***** TASK INPUTS *****

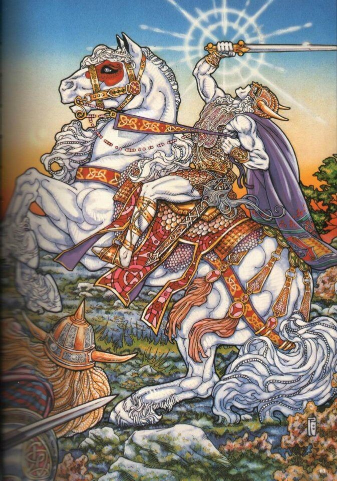 Луг и Огма сопровождали Дагду в лагерь фоморов, чтобы вернуть похищенную во время битвы арфу Дагды.
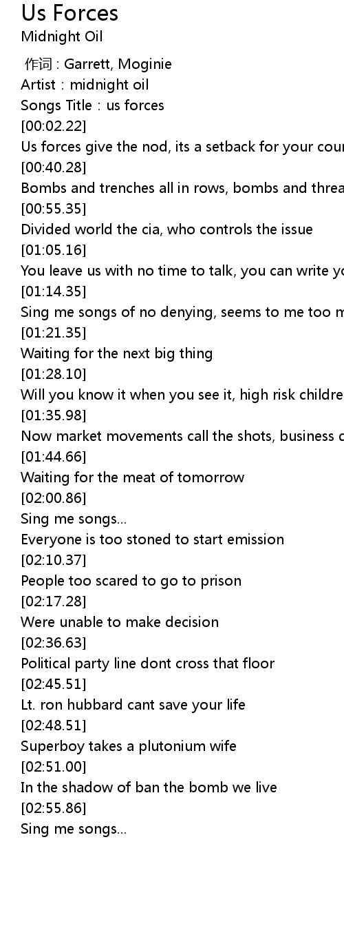 | [00:33.16] | Us forces give the nod, its a setback for your country |
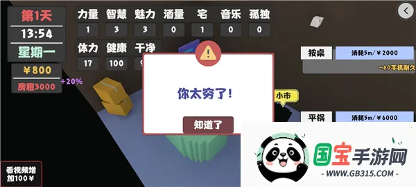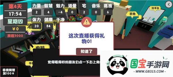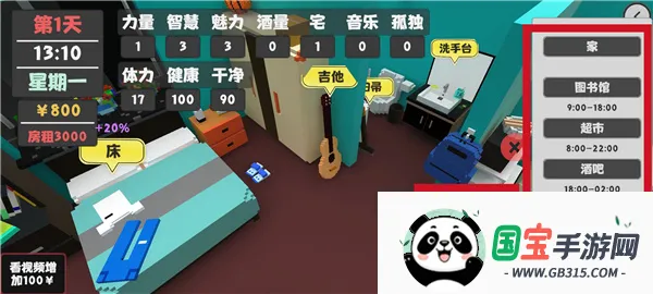 教程攻略也贴心,下载安装打开游戏,从房东对话开始,房间能看详细信息。看书能提升属性,不同书效果不同。出门可去超市等地方,和 NPC 对话超有意思。没钱时系统会提醒,还能回家直播积累经验。
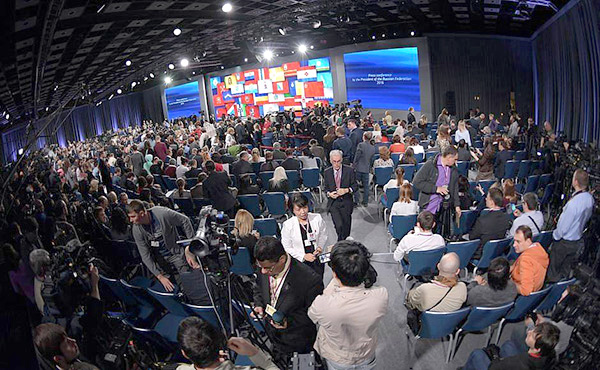 | Phóng viên Tâm Hằng dẫn hiện trường tại cuộc họp báo lớn của Tổng thống Nga V.Putin, tháng 12/2016 |
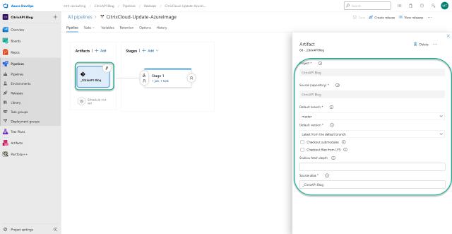 I use Azure DevOps to source control my code and run the workflows to update the Citrix images. I have created a basic setup for this blog post where I use my repository directly in my release pipeline, so I do not have any unit testing involved. I also use the graphical release pipeline to make the process clearer in this blog post.
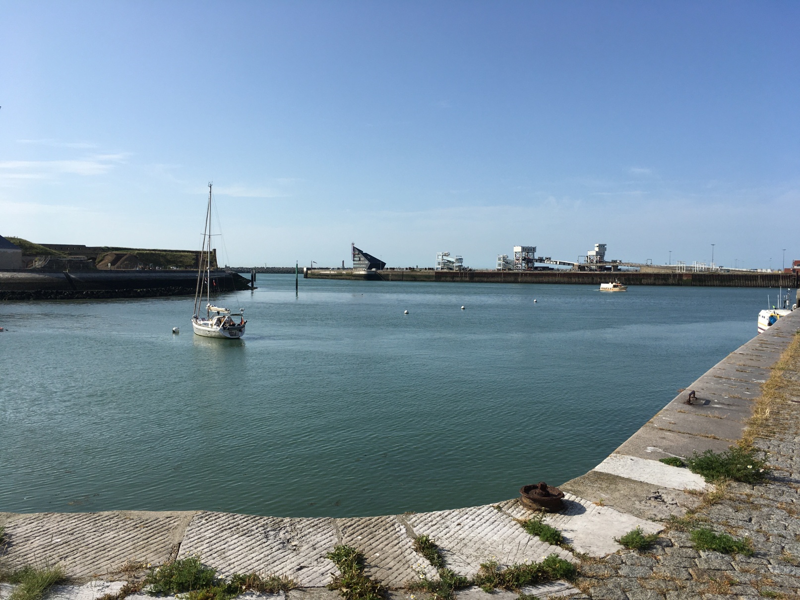 Weiterfahrt nach Calais zum Euro-Tunnel. Heute nochmal circa 350 Kilometer auf dem Bock gesessen. Die Vorbeifahrten an Antwerpen und Gent nervten, weil die Autobahnen komplett voll waren. Schließlich habe ich aber Calais erreicht und auch noch genügend Zeit übrig, um die Stadt etwas zu erkunden. Das Hotel befand sich strategisch günstig gelegen für die folgende Fahrt zum Check-In beim Euro-Tunnel. Allerdings waren es etwa 4 Kilometer durch die Innenstadt bis zum Hafen / Strand. Plus Umwege für Erkundungen. Plus Rückweg. Vermutlich um die 10 Kilometer zu Fuß.
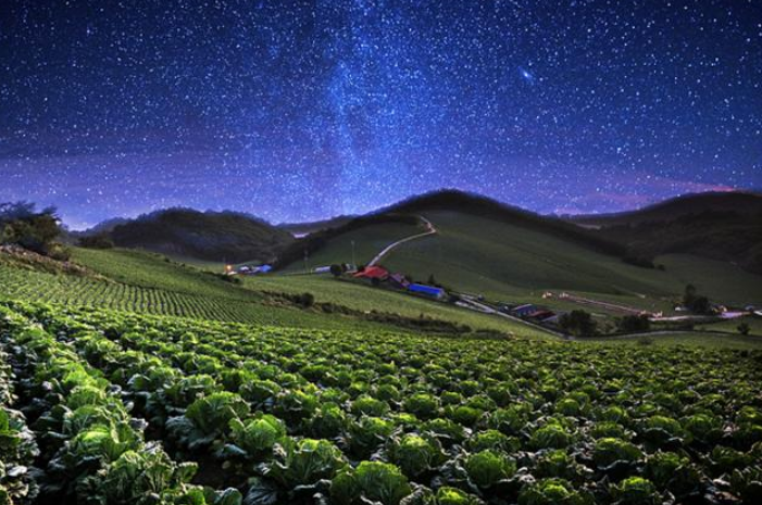첫손에 꼽히는 곳은 ‘하늘 아래 첫 동네’라 불리는 강릉 안반데기다. ‘안반’은 떡을 칠 때 아래에 받치는 넓은 나무판을 가리킨다. 해발 1,100m 고지대지만 안반데기 지형이 꼭 그렇게 생겼다. 평평한 땅과 완만한 경사지는 전국 최대 규모의 고랭지 채소 재배 단지다. 언덕 꼭대기인 ‘멍에전망대’에 오르면 밤하늘뿐만 아니라 사방으로 전망이 시원하다. 농로를 겸하는 시멘트 포장도로가 잘 닦여 있지만, 마주 오는 차량을 만나면 비켜가기 힘들다. 한곳에 정차하고 걸어 다닐 것을 권한다.
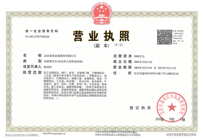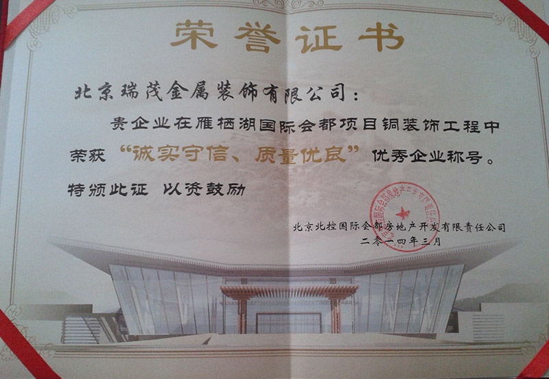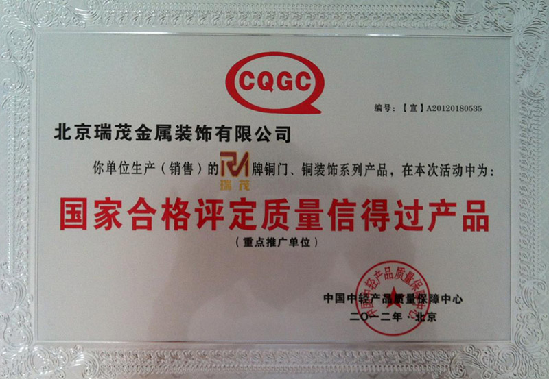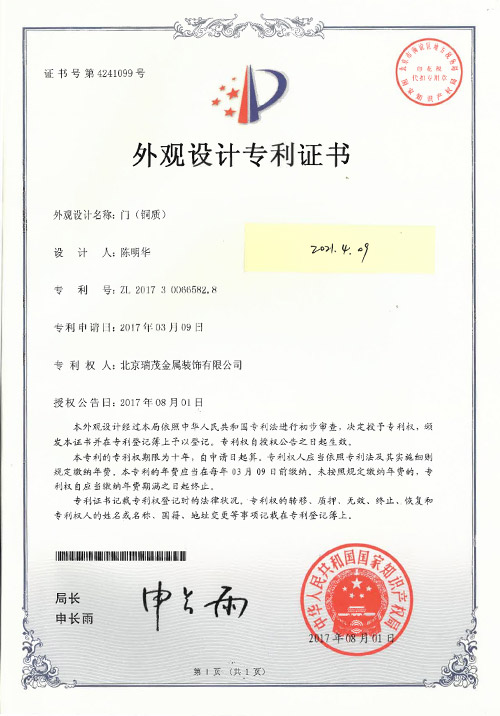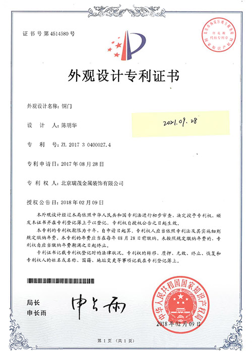 Since the development of Ruimao Copper Art, it has attracted the excellent design team and experienced metal processing team, Copper door and Copper Art Museum in Tongzhou District, Beijing,and set up headquarters office building in Beijing Hi-tech Industrial Park for creative design and research, while there are three factories in Tianjin, a total area of more than 30,000 square meters. Ruimao copper supporting facilities are perfect, integrating product research and development, production and processing, sales and installation , the implementation of the strictest environmental safety standards. The company emphasize on the introduction and training of professional talents, at the same time attach importance to the use of high-tech products and traditional handicrafts in production, the production of copper doors to environmental art, and modern aesthetic fashion as the orientation, set practical, appreciation, collection .

*****

> **WHAT NEEDS TO BE DONE**:
Your reply should consist solely of the lines above from the line containing "tháng 12/2016 |" up to and including the line containing "I use Azure", reproduced exactly, minus the pictures.

> **EXERCISE OUTPUT**:
 | Phóng viên Tâm Hằng dẫn hiện trường tại cuộc họp báo lớn của Tổng thống Nga V.Putin, tháng 12/2016 |
 I use Azure DevOps to source control my code and run the workflows to update the Citrix images. I have created a basic setup for this blog post where I use my repository directly in my release pipeline, so I do not have any unit testing involved. I also use the graphical release pipeline to make the process clearer in this blog post.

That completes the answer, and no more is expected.